The example text derives from the commencement speech given by David Foster Wallace at Kenyon College, Ohio on 21 May 2005.

Download and parse the html web page

web_page <- read_html("https://www.theguardian.com/books/2008/sep/20/fiction")

Use the SelectorGadget to identify CSS selectors in the web page

SelectorGadget is a javascript bookmarklet that you use in your web browser to identify CSS selectors in a web page. Read the vignette("selectorgadget") for more information about using SelectorGadget.

Find the html nodes that match the CSS selector

web_nodes <- html_nodes(web_page, ".js-article__body p")

Extract the text from the html nodes

web_text <- html_text(web_nodes)

Or using %>%

web_text <- read_html("https://www.theguardian.com/books/2008/sep/20/fiction") %>% 
    html_nodes(".js-article__body p") %>% html_text()

Exercise

Extract the text of J. K. Rowling’s commencement speech at Harvard University on 5 June 2008 from the following web page: http://news.harvard.edu/gazette/story/2008/06/text-of-j-k-rowling-speech/

Answer:

example_web_text <- read_html("http://news.harvard.edu/gazette/story/2008/06/text-of-j-k-rowling-speech/") %>% 
    html_nodes(".article-body p") %>% html_text()

Prepare the text for tidying

Convert to a data frame

text_df <- data_frame(text = web_text)

Trim the text

text_df <- text_df %>% slice(1:(grep("this is water.\"", text)))

Remove any blank lines

text_df <- text_df %>% filter(nzchar(text))

Add paragraph numbers

text_df <- text_df %>% mutate(paragraph = row_number())

Or using %>%

text_df <- web_text %>% data_frame(text = .) %>% slice(1:(grep("this is water.\"", 
    text))) %>% mutate(paragraph = row_number())

Exercise

  1. Convert example_web_text to a data frame using data_frame()
  2. Remove the first line and line 5 (“Sign up for daily emails with the latest Harvard news.”) using slice(). (Hint: you can use a vector in slice())
  3. Add a paragraph number

Answer:

example_text_df <- example_web_text %>% data_frame(text = .) %>% slice(c(2:14, 
    16:n())) %>% mutate(paragraph = row_number())
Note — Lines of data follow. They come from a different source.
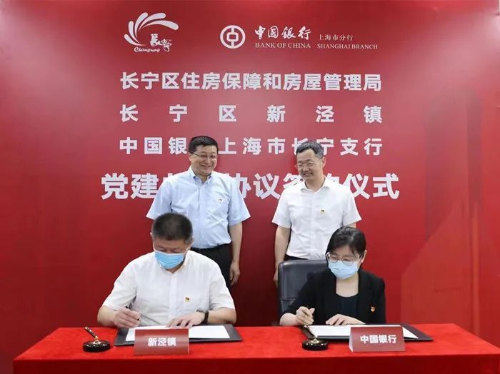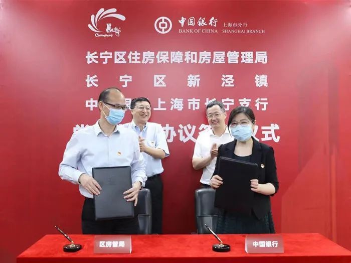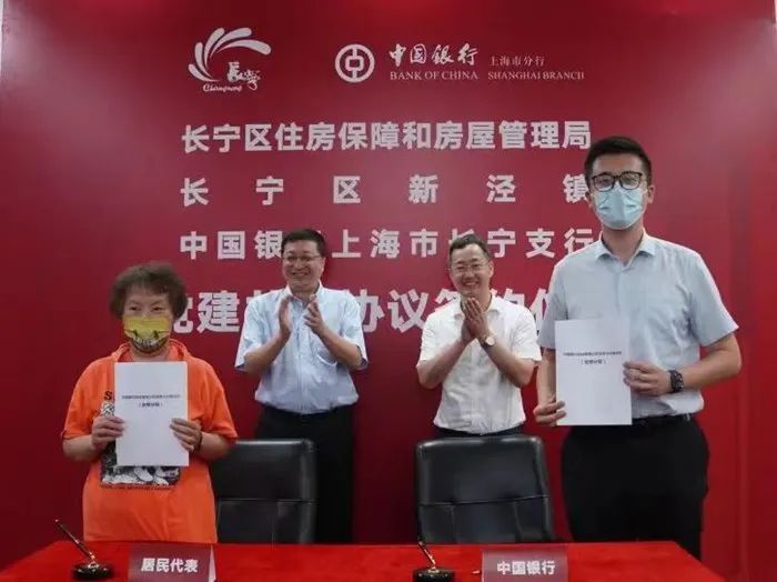 现场,新泾镇居民代表与中国银行上海市长宁支行签署了中银安梯分期业务协议。长宁区房管局党组、新泾镇党委与长宁支行党委共同签署了党建共建协议。
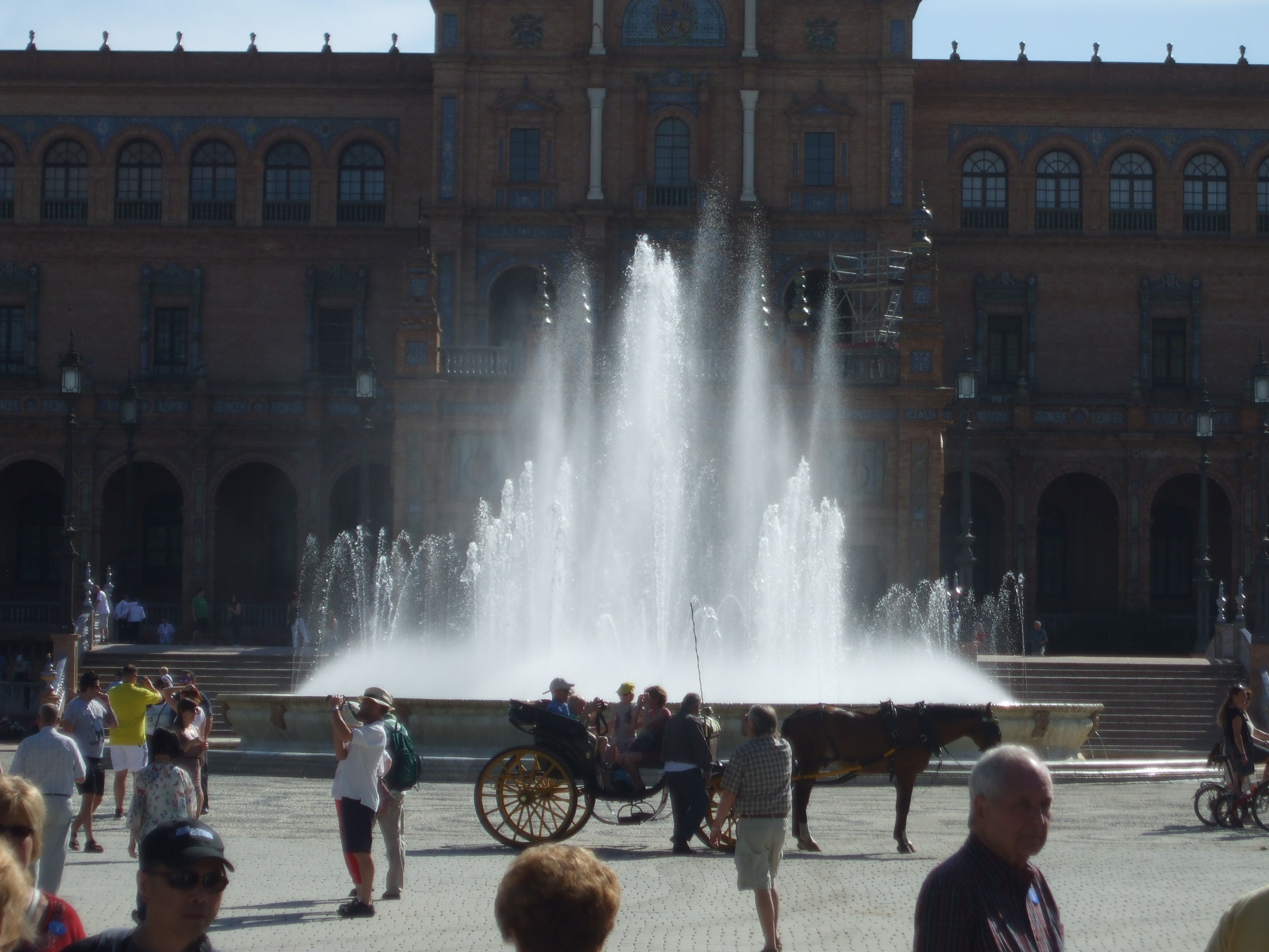 The city has much to offer tourists. Undoubtedly, the main attraction of the city is the Alhambra – a grand, Moorish citadel and palace, which most of this post will ultimately be about, but there are lots of other things to see and do in the city iteslf, if time allows. There are many shopping areas, from the ‘modern’ high street variety to the typical Spanish-style shops in the winding streets, offering Spanish leather, lace, olive oil products, wines and a variety of novelty items. Many spacious plazas host umpteen cafes, restaurants and tapas bars, all offering refreshments. We had lunch in one such plaza – probably the most popular and aptly aptly named Bib Rambla – with a statue entitled, ‘Fountain of the Giants’ in the middle of it.
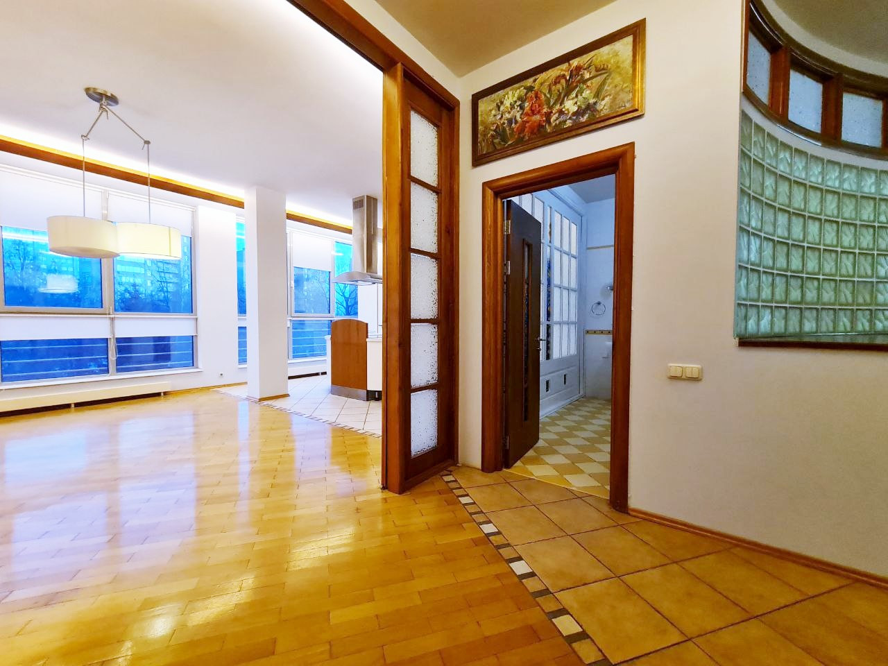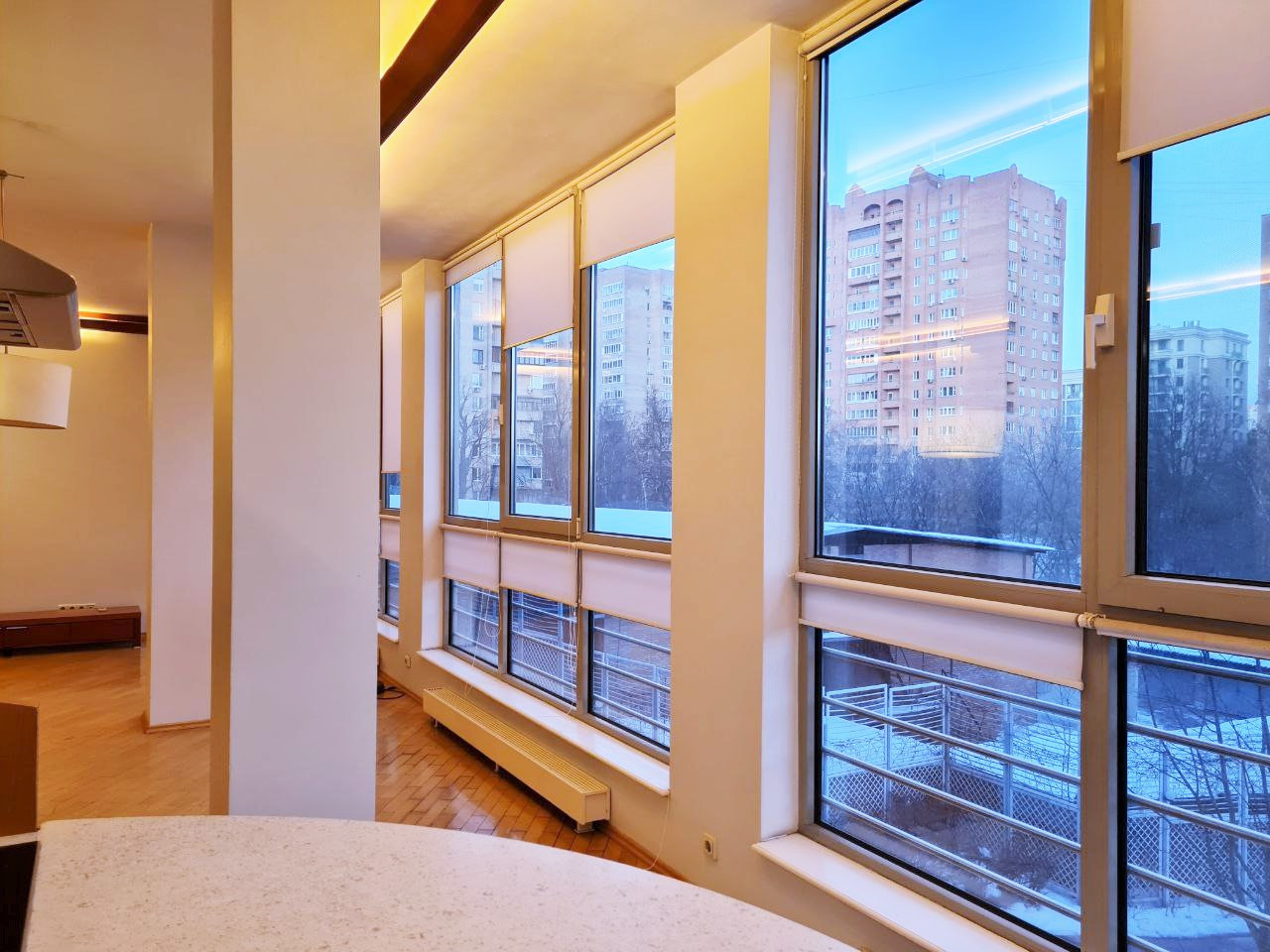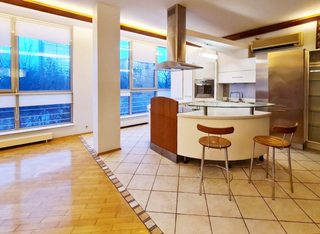 Авторский дизайн: огромная кухня-гостиная с панорамным остеклением; 3 изолированных спальни отделены от гостиной кабинетом; 2 гардеробные, 2 просторных санузла, удобная прихожая. Все межкомнатные перегородки - из кирпича. Квартира полностью оборудована встроенной итальянской мебелью и технически оснащена. Толстые стены по периметру, высокие потолки, большие окна и прозрачные вставки способствуют естественному освещению в дневное время и настоящему уюту - в вечернее.

Tidy the text using tidytext

Unnest values in text column into a word column

words <- text_df %>% unnest_tokens(word, text)

Remove ‘stop words’

words <- words %>% anti_join(stop_words, by = "word")

Analyse the text

Most common words

words %>% count(word, sort = TRUE)

Exercise

  1. Unnest the values in the text column of example_text_df into a word column
  2. Remove the ‘stop words’
  3. List the top 10 most common words

Answer:

example_words <- example_text_df %>% unnest_tokens(word, text) %>% anti_join(stop_words, 
    by = "word")
example_words %>% count(word, sort = TRUE)

Bigrams

bigram <- text_df %>%
  unnest_tokens(word, text, token = "ngrams", n = 2) %>% # tokenise into word pairs
  separate(word, c("word1", "word2"), sep = " ") %>% 
  filter(!word1 %in% stop_words$word, # remove 'stop words'
         !word2 %in% stop_words$word) %>%
  unite(word, word1, word2, sep = " ")

Frequency of bigrams

bigram %>% count(word, sort = TRUE) %>% top_n(10) %>% mutate(word = reorder(word, 
    n)) %>% ggplot(aes(word, n)) + geom_col(fill = "grey", alpha = 0.8) + coord_flip() + 
    scale_y_continuous(expand = c(0, 0)) + labs(x = NULL, y = "Number of mentions", 
    title = "2-word combinations in Foster Wallace's commencement speech") + 
    theme_minimal()

Sentiment analysis

Frequency of positive words

words %>% inner_join(get_sentiments("bing"), by = "word") %>% filter(sentiment == 
    "positive") %>% count(word) %>% wordcloud2(size = 0.7, fontFamily = "RobotoCondensed-Regular", 
    color = rep(c("orange", "skyblue"), length.out = nrow(.)))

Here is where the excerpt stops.